Nominations to the 2015 Ubuntu Community Council

Wednesday, November 11th, 2015

I am delighted to nominate these long-standing members of the Ubuntu community for your consideration in the upcoming Community Council election.

* Phillip Ballew https://launchpad.net/~philipballew
* Walter Lapchynski https://launchpad.net/~wxl
* Marco Ceppi https://launchpad.net/~marcoceppi
* Jose Antonio Rey https://launchpad.net/~jose
* Laura Czajkowskii https://launchpad.net/~czajkowski
* Svetlana Belkin https://launchpad.net/~belkinsa
* Chris Crisafulli https://launchpad.net/~itnet7
* Michael Hall https://launchpad.net/~mhall119
* Scarlett Clark https://launchpad.net/~sgclark
* C de-Avillez https://launchpad.net/~hggdh2
* Daniel Holbach https://launchpad.net/~dholbach

The Community Council is our most thoughtful body, who carry the responsibility of finding common ground between our widely diverse interests. They oversee all membership in the project, recognising those who make substantial and sustained contributions through any number of forums and mechanisms with membership and a voice in the governance of Ubuntu. They delegate in many cases responsibility for governance of pieces of the project to teams who are best qualified to lead in those areas, but they maintain overall responsibility for our discourse and our standards of behaviour.

We have been the great beneficiaries of the work of the outgoing CC, who I would like to thank once again for their tasteful leadership. I was often reminded of the importance of having a team which continues to inspire and lead and build bridges, even under great pressure, and the CC team who conclude their term shortly have set the highest bar for that in my experience. I’m immensely grateful to them and excited to continue working with whomever the community chooses from this list of nominations.

I would encourage you to meet and chat with all of the candidates and choose those who you think are best able to bring teams together; Ubuntu is a locus of collaboration between groups with intensely different opinions, and it is our ability to find a way to share and collaborate with one another that sets us apart.

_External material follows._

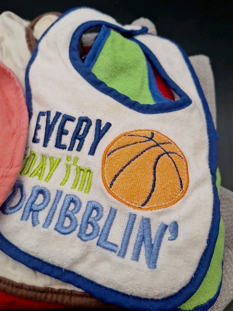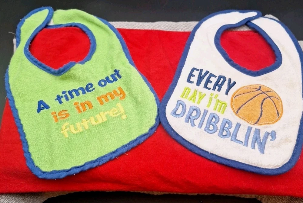 This bundle includes 8 baby-toddler bibs for boys and girls, featuring fun sayings themed for mealtime. Made of cotton with a holiday theme, these drool bibs have convenient velcro closure and snap closure for easy use. Personalization is not available, but the bibs are designed with a festive spirit for celebrations.

When it gets particularly tricky, the CC are at their most valuable to the project.

Voting details have gone out to all voting members of Ubuntu, thank you for participating in the election!

Community growth and development

Friday, November 4th, 2011

Martin’s chart showing the pattern of growth in Ubuntu project membership supports a view of deepening and strengthening participation in Ubuntu, globally. A second data point for me is the number and caliber of nominations we’ve seen to community governance boards, not just at the most senior levels (community council and technical board) but also in the breadth of community activities.

In the past year we’ve had to refine our thinking about a number of issues. The question about whether contributions outside the project, with a specific emphasis on Ubuntu, should be considered on a par with contributions directly to the project was resolved inclusively. So we are delighted to welcome members who do work in Debian to ensure that Ubuntu and Debian stay on rails together, and we are delighted to welcome members who contribute to projects elsewhere with the aim of improving the experience for Ubuntu users.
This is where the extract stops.